16. Testing Strategy
1. Why This Exists
The chat pipeline is the most consequential code in Sasha — it touches every user interaction — and historically has been the least tested. The test strategy is anchored on five product-quality goals; each test layer below maps to one or more of them.
| # | Goal | What "good" looks like | Where coverage lives |
|---|---|---|---|
| 1 | Stable chat session | No dropped or duplicated messages on reconnect, restart, or compaction | Y (server, shipped Phase 0); B.2 (client, pending). E2E layer 1 below. |
| 2 | Don't lose messages we ought to surface | Anything Anthropic's CLI persists to JSONL is replayable to the client | Y mapper + tail service unit tests; A2 replay harness (planned). |
| 3 | Reduce noisy messages | [Message format not recognized] never reaches a user; status events don't pollute the transcript |
Tactical: 10 unit tests on messageNormalizer.isSystemJson cover the rate_limit_info envelope (Phase C0, 2026-05-09). Strategic coverage depends on B.3 (signal classification), not yet started. |
| 4 | Stay consistent with stdout/stderr | Live-stream and replay produce semantically equivalent client state | Mapper unit tests assert wire-shape parity with messageStreamHandler.js broadcast payload. |
| 5 | Debuggable | A developer can grep one log prefix and see what every chat-subscribe did | A1 debug pane (shipped, 30 tests); [chat-subscribe] server log (shipped, no automated assertion yet). |
The biggest unaddressed gap is goal 3 (noise) — there is no work in progress on signal classification. The biggest in-flight gap is goal 1 — Y's server work is shipped behind a feature flag, but the client (B.2) still uses the legacy path so the feature is dormant in production.

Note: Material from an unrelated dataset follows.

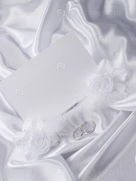 Белая карточка для поздравления с обручальными кольцами на белом шелке

For program context, see docs/superpowers/specs/2026-05-06-replay-via-jsonl-tail-design.md (Y) and docs/superpowers/plans/2026-05-06-client-cutover-b2-redesign.md (B.2).
2. Test Framework
| Tool | Purpose |
|---|---|
| Vitest | Test runner (unit + integration). Configured in claudecodeui/vitest.config.ts. |
@testing-library/react |
Component + hook tests in jsdom |
@vitest/coverage-v8 |
Coverage measurement (V8-native, fast) |
| jsdom | Browser-environment polyfill for component/hook tests |
| better-sqlite3 | In-memory database for test isolation |
3. Running Tests
cd claudecodeui
npm test # Run once
npm run test:watch # Watch mode
npm run test:coverage # Run + emit reports under coverage/
npm run test:integration # Server integration tests (uses --env-file=.env.test)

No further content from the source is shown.